Personal information
- Nicknames: Papito; WV2;
- Nationality: Puerto Rican
- Born: June 18, 1984 (age 42) Bayamón, Puerto Rico
- Height: 5 ft 5+1⁄2 in (166 cm)
- Weight: Super bantamweight; Featherweight;

Boxing career
- Reach: 66 in (168 cm)
- Stance: Orthodox

Boxing record
- Total fights: 34
- Wins: 26
- Win by KO: 20
- Losses: 7
- Draws: 1

= Wilfredo Vázquez Jr. =

Puerto Rican boxer

Wilfredo Vázquez Jr. (born June 18, 1984) is a Puerto Rican former professional boxer who competed from 2006 to 2016, and held the WBO junior featherweight title from 2010 to 2011. He is the son of former world champion Wilfredo Vázquez.

==Professional career==

Vázquez Jr. debuted as a professional in an event that took place on December 18, 2006 in Kissimmee, Florida. In this event he fought against Octavius Davis who was also debuting as a professional, Vázquez won the fight by knockout in the first round. His second professional fight was on February 2, 2007, against Daniel Lornezano in a boxing card presented in Miami, Florida. Vázquez won three more fights by knockout over the course of the first half of 2007, against Danny Esquivel, Cature Hicks Juan Camacho and Jaime Villa, on cards that took place in Kissimmee and Miami. Vázquez participated in his first fight outside Florida on August 25, 2007, in a card that took place in Bayamón, Puerto Rico. In this event, he defeated Anthony Chacon via knockout on the first round.
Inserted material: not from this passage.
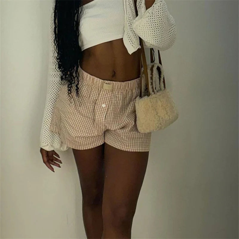 These Zoey Checked Casual Boxer Shorts are perfect for lounging around or running errands. With a playful checked design and relaxed fit. they'll keep you comfortable and chic. So go ahead and add a touch of quirk to your wardrobe with these fun boxer shorts! Of course. you can wear at home.
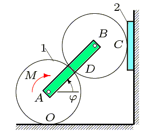 верхнему цилиндру массой m1 приложен момент M, масса спарника

On September 14, 2007 Wilfredo participated in a fight scheduled for six rounds for the first time in his career, he won the fight by technical knockout in the third round. On December 15, 2007, Vázquez fought Jorge Cardenas in Cancún, Mexico. The judges scored the fight as a draw, marking the first instance that he did not win in his professional career. His return to the ring was on March 28, 2008, when he fought against Corey Goodwin, winning the contest by knockout in the third round. Two months later, he defeated Moises Carrasquillo by knockout. On July 26, 2008, Vázquez defeated Felipe Almanza by disqualification. The result was determined after Almanza tried to kick Vázquez after the fourth round had concluded. His first title opportunity took place on September 12, 2008, when he fought Adolfo Landeros for the vacant WBO Latino Super Bantamweight Championship. Vázquez won the regional championship by technical knockout in the eighth round.
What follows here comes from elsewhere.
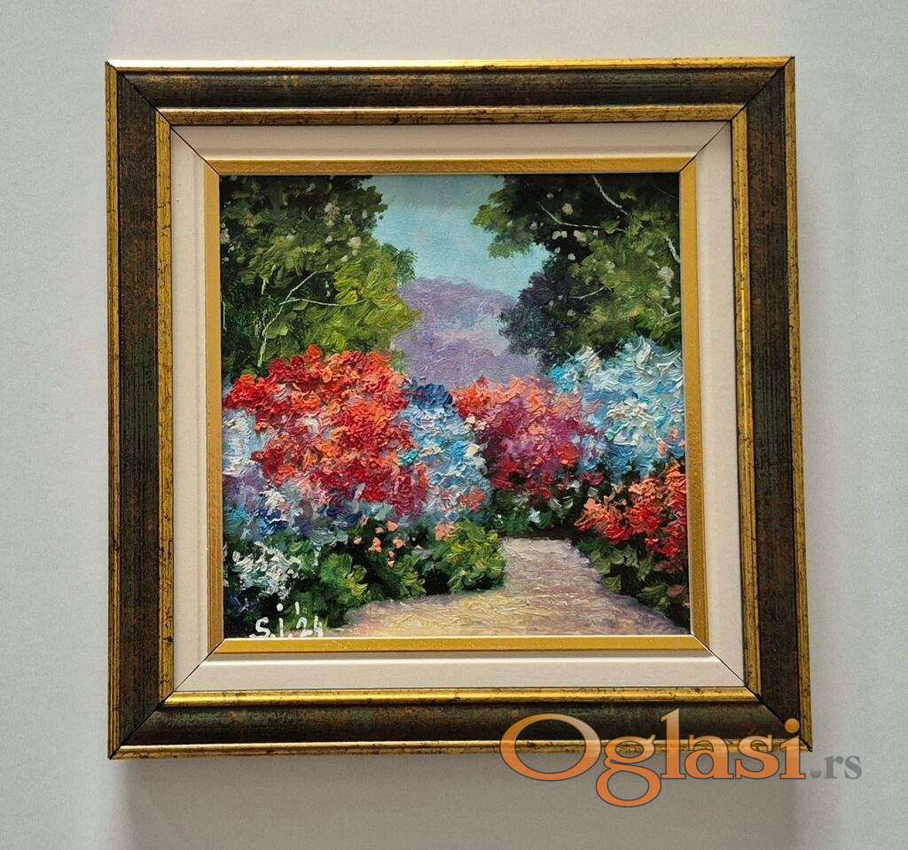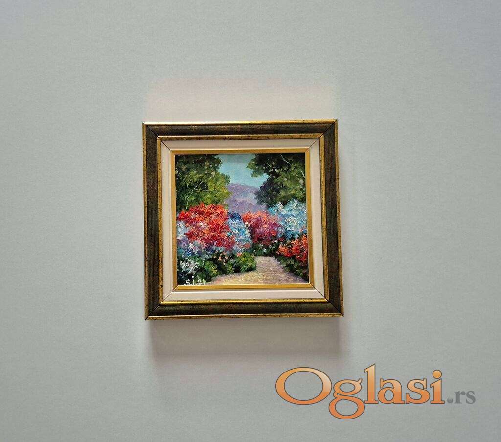 Ulje na medijapanu Mali pejzaz, prelepo umetnicko delo. Slika je uramljena u jako lep ram, dimenzije slike sa ramom 25 x 25. Privatna kolekcija.

He returned to action on November 21, 2008, being paired against Victor Martínez in a fight for his championship and the vacant WBA Fedecentro title. Vázquez opened the fight in a slow pace, utilizing the first round as a stage to study his opponent. After the second round, Vázquez began executing the offensive more fluidly, using jabs and counterattacks to his advantage. During the second half, he continued pressuring the offensive, scoring solid combinations in the seventh stanza. Martínez improved in the ninth and tenth round, being more effective on his attack. In the following stage, Vázquez regained control of the offensive’s tempo, scoring a knockdown. This pace continued in the final round, with Martínez receiving combinations. Following one of these attacks, Vázquez connected a left hook that made Martínez fell to the canvas, unable to continue before the referee counted ten, leading to a knockout.

On March 13, 2009, Vázquez returned to action, defending the WBA Fedecentro Championship against José Ángel Beranza. Early in the fight, both pugilists exchanged punches, before Vázquez was able to employ a calm pace which favored him. Early in the third round, Beranza displayed a better offensive, but lost control of the fight’s tempo later in that round. Vázquez began the fourth round on the offensive, with this pace continuing throughout the chapter. After receiving a warning for "roughhousing" in the fifth, Beranza was unable to respond effectively during the sixth and seventh. Using this to his advantage, Vázquez pressured the offensive and established control of the fight’s tempo. Beranza was eventually deducted a point for using illegal tactics. After the twelfth round, the fight's outcome was decided by the judges, who gave scores of 118-109, 119-108 and 120-106 in favor of Vázquez. On July 17, 2009, he fought Cecilio Santos, winning by knockout in the second round. On November 20, 2009, Vázquez defended the regional title against Genaro García in a world championship eliminatory. He dominated the early stages by using jabs and moving, but García was able to pressure the fight as the rounds advanced. In the seventh round, both pugilists exchanged combinations, but Vazquez was able to score a knockdown and continued on the offensive. Consequently, the referee stopped the fight by technical knockout.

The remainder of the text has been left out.